▸ Assignment: Return exactly those lines of the material below that fall between the line holding "To revert back" and the line holding "有機漢麻收割現(xiàn)場", inclusive.

▸ Supplied material:
== Segment start ==

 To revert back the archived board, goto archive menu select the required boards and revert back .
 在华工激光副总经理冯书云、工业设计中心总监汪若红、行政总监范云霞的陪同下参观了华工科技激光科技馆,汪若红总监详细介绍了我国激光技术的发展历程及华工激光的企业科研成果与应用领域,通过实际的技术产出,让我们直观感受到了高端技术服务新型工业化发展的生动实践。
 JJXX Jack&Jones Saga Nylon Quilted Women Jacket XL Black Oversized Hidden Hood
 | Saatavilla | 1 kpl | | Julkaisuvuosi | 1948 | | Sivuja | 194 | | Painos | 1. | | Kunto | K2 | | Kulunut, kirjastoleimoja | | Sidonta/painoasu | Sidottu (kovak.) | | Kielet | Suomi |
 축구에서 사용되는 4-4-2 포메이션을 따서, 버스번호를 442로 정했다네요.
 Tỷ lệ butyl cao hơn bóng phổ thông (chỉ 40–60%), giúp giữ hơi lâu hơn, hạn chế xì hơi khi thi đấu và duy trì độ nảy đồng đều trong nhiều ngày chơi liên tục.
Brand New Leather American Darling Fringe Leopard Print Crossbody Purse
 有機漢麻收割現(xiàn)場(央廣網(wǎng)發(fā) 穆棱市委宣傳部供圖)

== Segment end ==
== Segment start ==

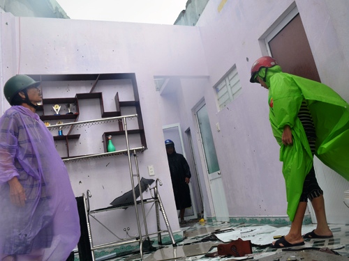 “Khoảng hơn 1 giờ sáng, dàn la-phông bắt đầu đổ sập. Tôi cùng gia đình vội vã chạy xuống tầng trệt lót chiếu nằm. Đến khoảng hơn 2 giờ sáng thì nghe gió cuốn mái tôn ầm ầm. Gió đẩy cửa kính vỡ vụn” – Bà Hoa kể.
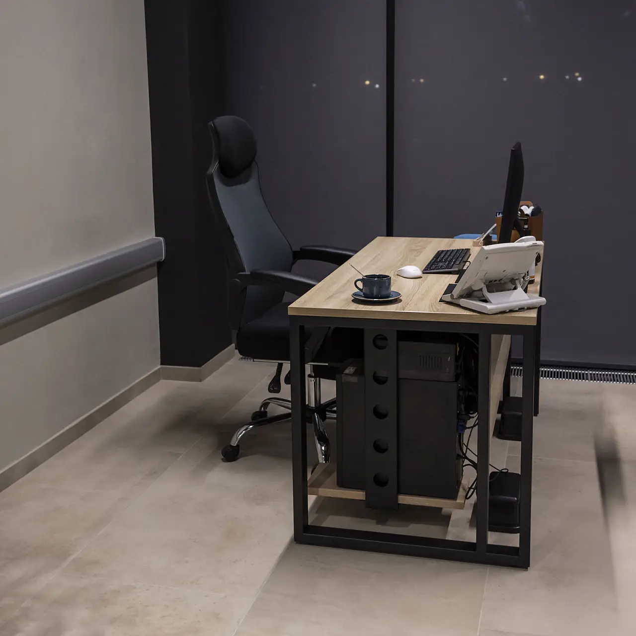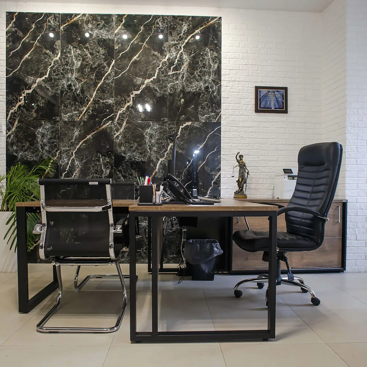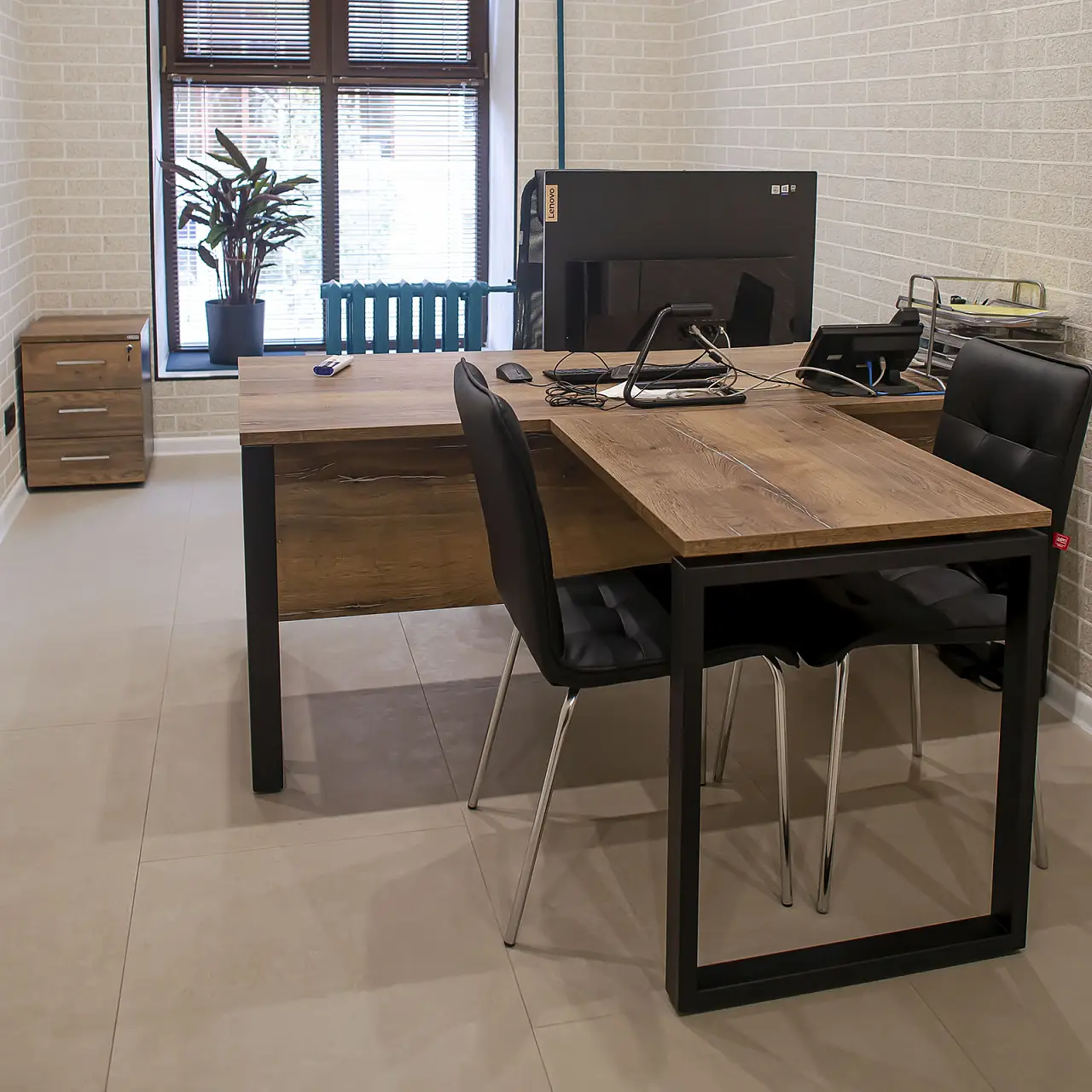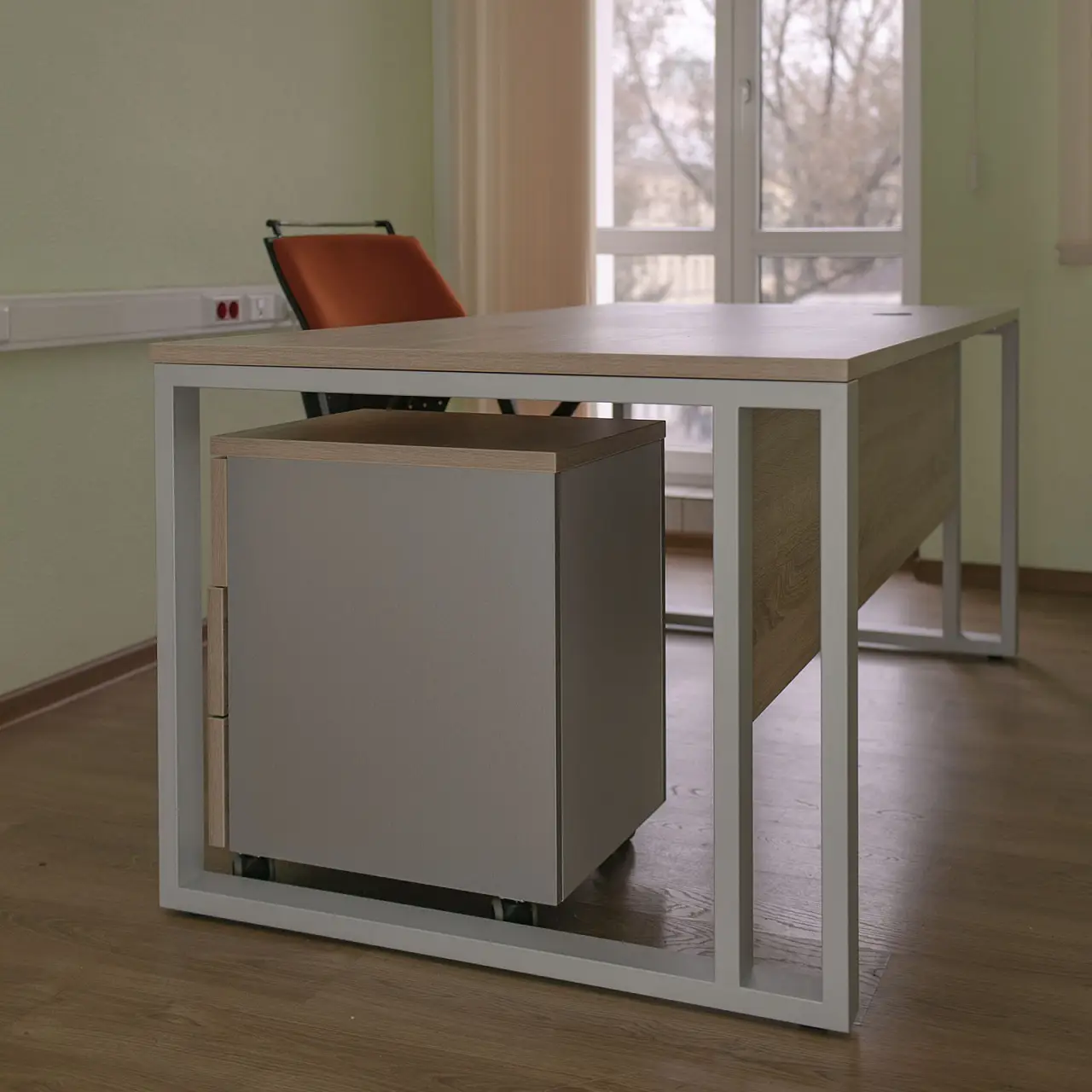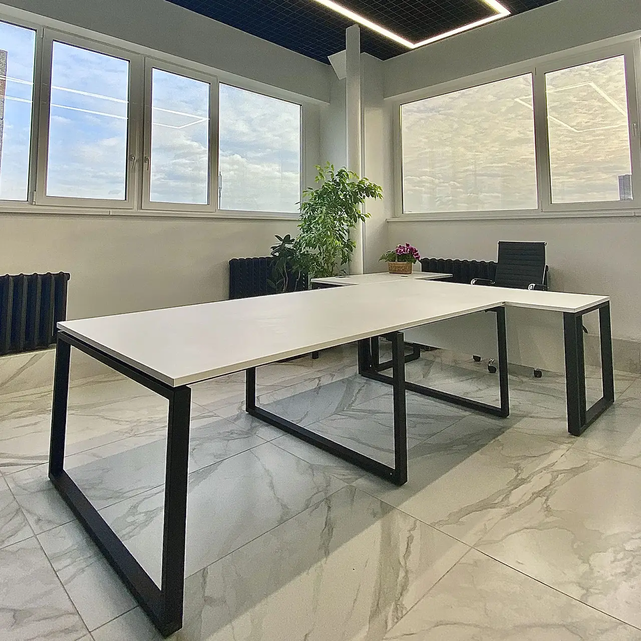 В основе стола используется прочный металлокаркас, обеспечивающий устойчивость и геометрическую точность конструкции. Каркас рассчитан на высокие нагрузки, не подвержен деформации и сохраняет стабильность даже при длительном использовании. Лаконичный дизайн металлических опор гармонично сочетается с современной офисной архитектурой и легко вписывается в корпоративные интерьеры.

== Segment end ==

▸ Answer to the exercise:
 To revert back the archived board, goto archive menu select the required boards and revert back .
 在华工激光副总经理冯书云、工业设计中心总监汪若红、行政总监范云霞的陪同下参观了华工科技激光科技馆,汪若红总监详细介绍了我国激光技术的发展历程及华工激光的企业科研成果与应用领域,通过实际的技术产出,让我们直观感受到了高端技术服务新型工业化发展的生动实践。
 JJXX Jack&Jones Saga Nylon Quilted Women Jacket XL Black Oversized Hidden Hood
 | Saatavilla | 1 kpl | | Julkaisuvuosi | 1948 | | Sivuja | 194 | | Painos | 1. | | Kunto | K2 | | Kulunut, kirjastoleimoja | | Sidonta/painoasu | Sidottu (kovak.) | | Kielet | Suomi |
 축구에서 사용되는 4-4-2 포메이션을 따서, 버스번호를 442로 정했다네요.
 Tỷ lệ butyl cao hơn bóng phổ thông (chỉ 40–60%), giúp giữ hơi lâu hơn, hạn chế xì hơi khi thi đấu và duy trì độ nảy đồng đều trong nhiều ngày chơi liên tục.
Brand New Leather American Darling Fringe Leopard Print Crossbody Purse
 有機漢麻收割現(xiàn)場(央廣網(wǎng)發(fā) 穆棱市委宣傳部供圖)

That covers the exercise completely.